Dear Best Friend,
In first grade, you were the new kid. Most of our class already knew each other from Kindergarten since we went to a small private school. I immediately thought you were annoying. My six year old self wouldn't even give you a chance, and I already hated you from the first day of school. I would continue to hate you until fourth grade. Eventually that elementary school hatred faded to middle school general disdain of your presence. I changed from private school to public school two years before you did, so we didn't have much contact except for CYO softball practices and games. Our friendship really began in eighth grade when you came to public school and we ended up in the same math class. Luckily, that was the start of our friendship.

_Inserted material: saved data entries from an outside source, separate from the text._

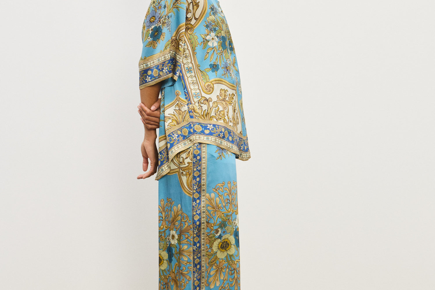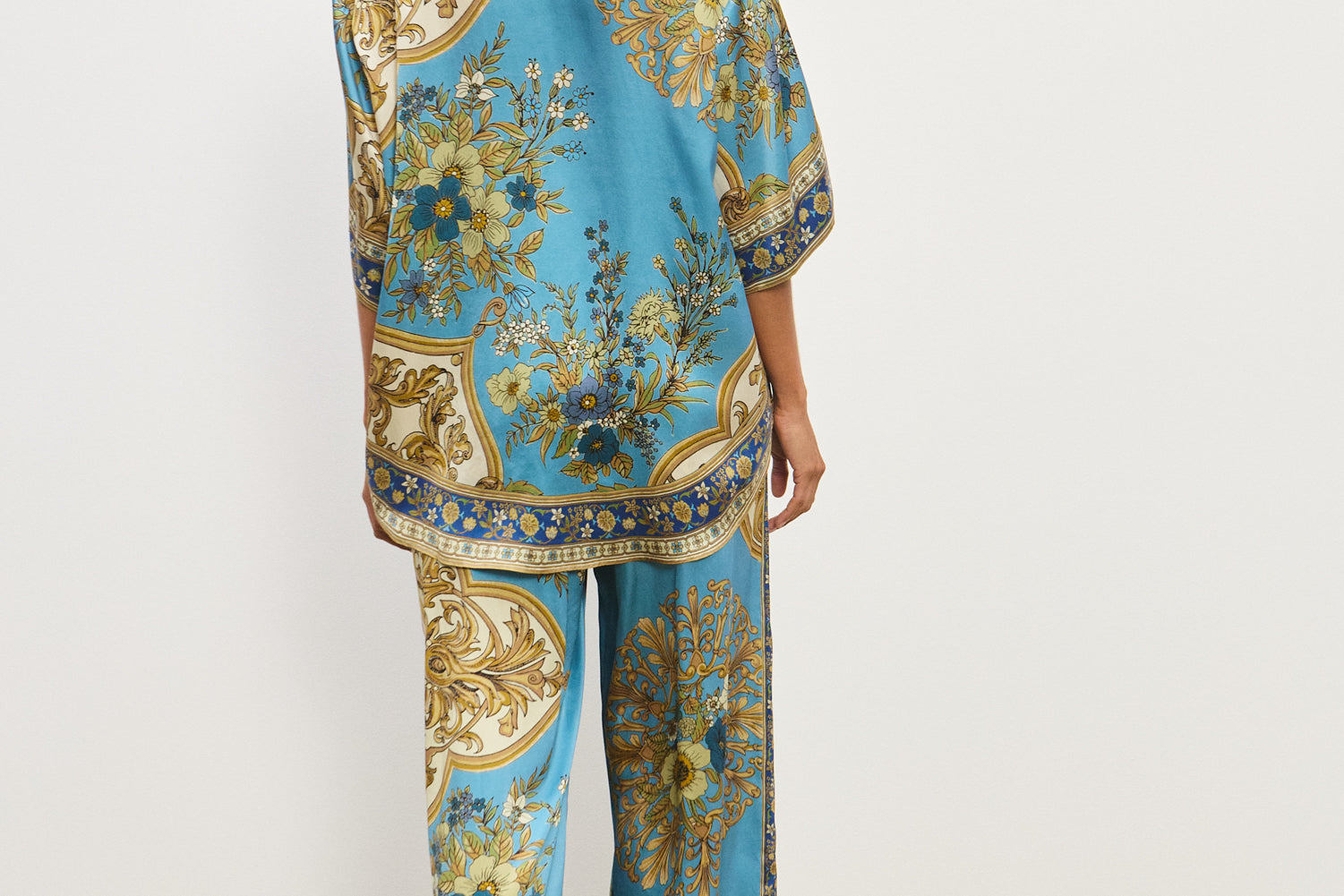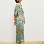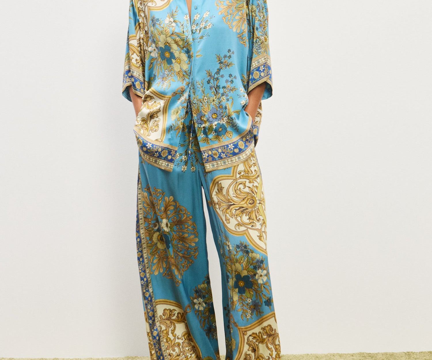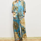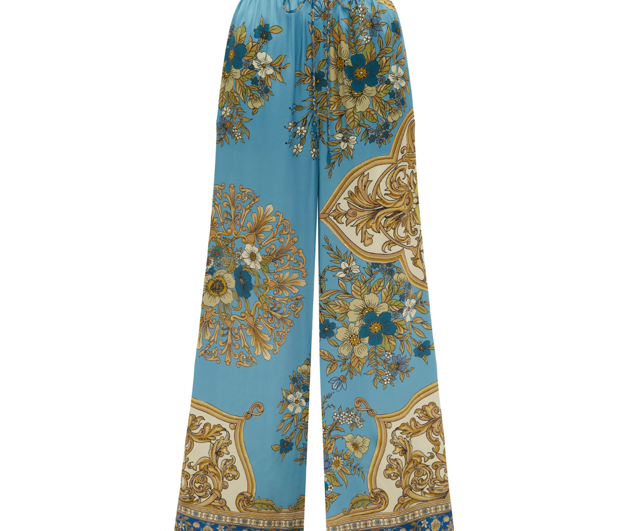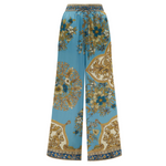 Introducing Alemais's Cassie Silk Pant in Blue. Crafted from luxurious sandwashed silk satin, this relaxed pant silhouette features an elasticated waist with adjustable ties and bespoke toggle ends. Designed with in-seam pockets for everyday ease, it’s a refined take on laid-back dressing.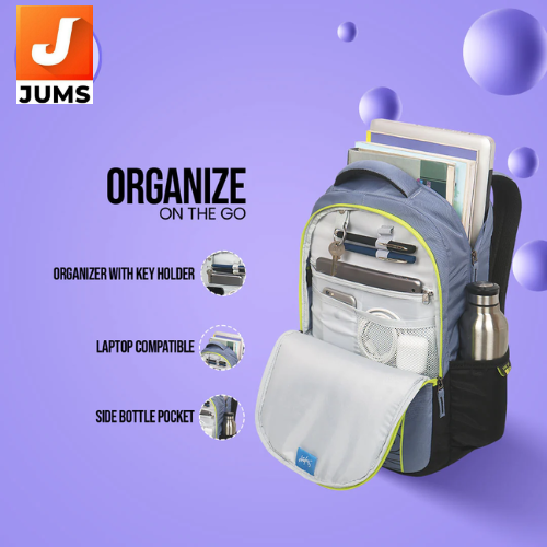 Material: Durable polyester fabric with a zip closure. Capacity: 22 L, compact and lightweight for daily use. Unisex design: Suitable for students and commuters alike.Laptop compatible: Has a section that can safely hold a laptop or tablet. Compartments: 2 main compartments plus a front pocket for easy organization of small items. Organiser section: Includes an internal organiser panel with a keychain holder.Side bottle holders: Two side pockets for water bottles or quick‑access items. Built‑to‑last shoulder straps: Padded straps for comfortable daily carry. Lightweight: Approx. weight around 460 g makes it easy to carry.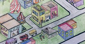 Representa las personas y los lugares que viven en tu imaginación en escenas dibujadas a mano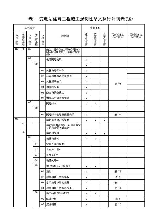 表格名称:表1 变电站建筑工程施工强制性条文执行计划表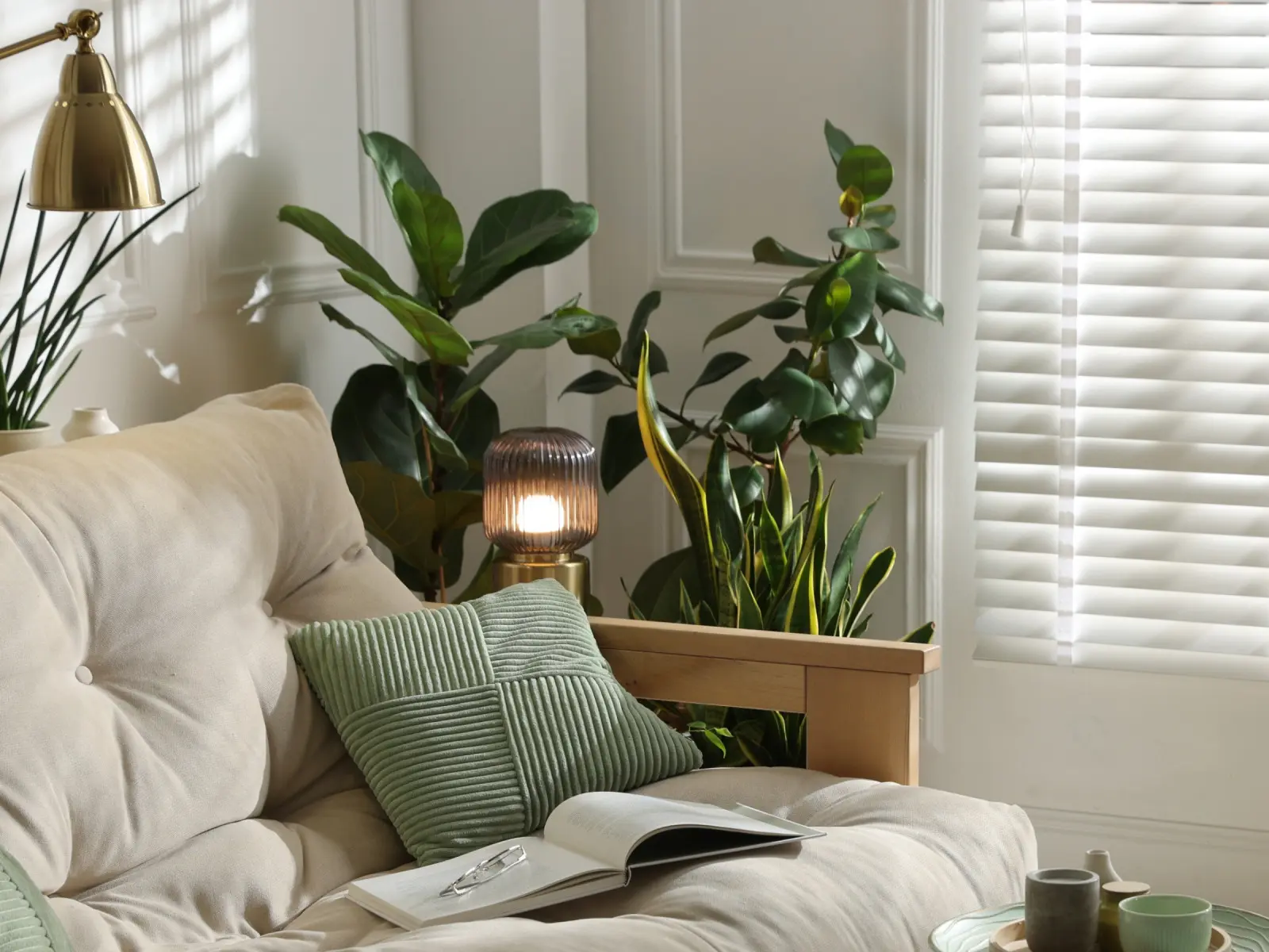 Warunkowo do tej grupy można zaliczyć także paprocie oraz skrzydłokwiat – pod warunkiem, że róg nie jest skrajnie ciemny ani suchy. W trudniejszych warunkach szybciej tracą estetykę niż rośliny o sztywniejszym pokroju.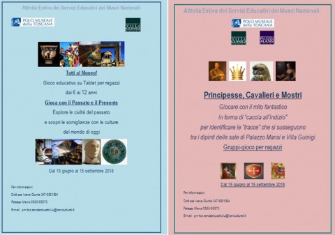 I Servizi Educativi dei Musei Nazionali di Lucca propongono Percorsi Educativi per ragazzi: oltre ai due percorsi presentati di seguito, Tutti al Museo! e Principesse, Cavalieri e Mostri entrambi Percorsi-Gioco, si realizzeranno percorsi didattici appositamente ideati secondo le necessità e le curiosità dei gruppi partecipanti.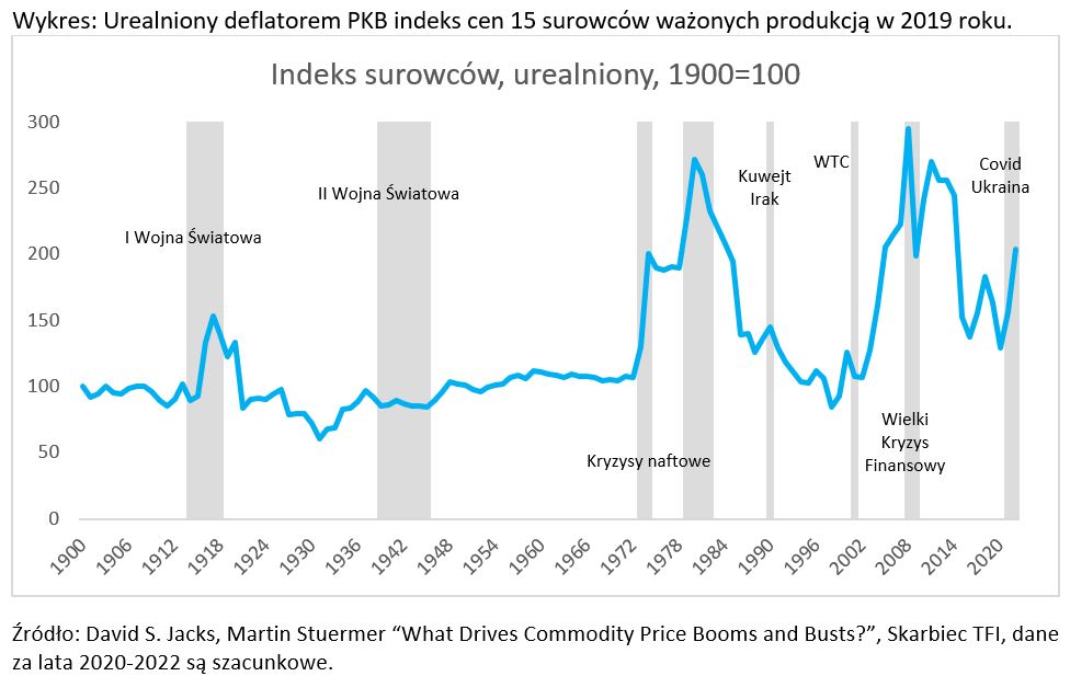 Historia jest pełna dramatycznych zwrotów na rynkach surowców. Powyższy wykres pokazuje, że patrząc na początek XXI wieku, gdy motorem wzrostu cen była globalizacja, lub na lata 70., gdy były nim mocno osadzone w polityce międzynarodowej, szoki podażowe, najbardziej dynamiczne zmiany cen związane były z geopolityką lub gwałtownym rozminięciem się podaży i popytu. Obecnie doświadczamy jednego i drugiego. Na marginesie, w oczy rzuca się niska zmienność w okresie obu wojen światowych. Wzrost w czasie trwania Wielkie Wojny nastąpił w roku 2017, wraz z obaleniem caratu w Rosji.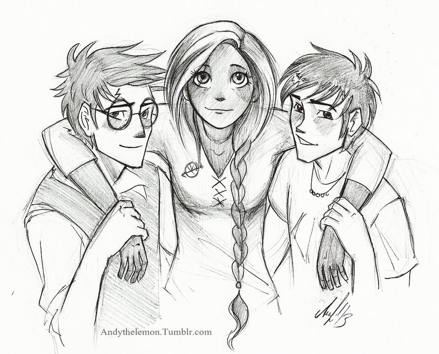 Срисовки Гарри Поттера Рона и Гермионы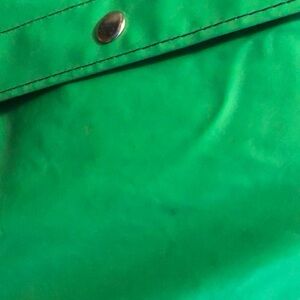Stay dry and stylish with this vibrant green hooded rain jacket. Perfect for any weather.

Now that we're best friends, we can look back on the memories of me hating you. In fact, it's a constant joke now. We can laugh at the time my parents brought my little sister into school when she was a baby and she gave everyone a hug except you because she knew I didn't like you. Or that time when you told me you were worried someone was taking advantage of me for concert tickets and vacations and I didn't listen because I thought you were trying to get me to take you instead, but looking back now I really should have listened to you. My personal favorite is when you tried to bring me my homework in third grade because I was sick, and no one in my family answered the door because we were eating dinner and we thought you were a salesperson. Then, the next day I tried to get you to pay for the textbook that you said you put on my front porch that went missing. I found the book, but at the time it was just more fuel to my fiery hatred of you.
Who would have thought that you sitting next to me in math in eighth grade would lead us to where we are now. I needed help with my work, and I still need you to help me with my math homework in college. You have your own bed and toothbrush at my house, and your own key to get in when no one is home. You come over to hang out whenever. You call my mom "mom" like she's your mom too. My mom buys you special food and drinks when she goes grocery shopping for when you come over. You're the only person I let make fun of my little sister besides me. We went to every high school dance together, whether we had a date or not. You've gone to my dance performances and my recitals, and even though I never made it to one of your regattas you know I tried my hardest to be there and I was there supporting you in spirit. We talk each other out of doing stupid things like dying our hair weird colors or getting that ugly shirt, and we don't hurt each others feelings. We came up with stupid nicknames for each other, and even though I'm the only one that calls you Flounder, so many people call me Megs Bunts.
I love how we have memories of hating each other and memories of being best friends. I feel like that makes us have a stronger relationship because we can never hurt each others feelings. I'm thankful that something finally clicked because I don't know what I would do without you.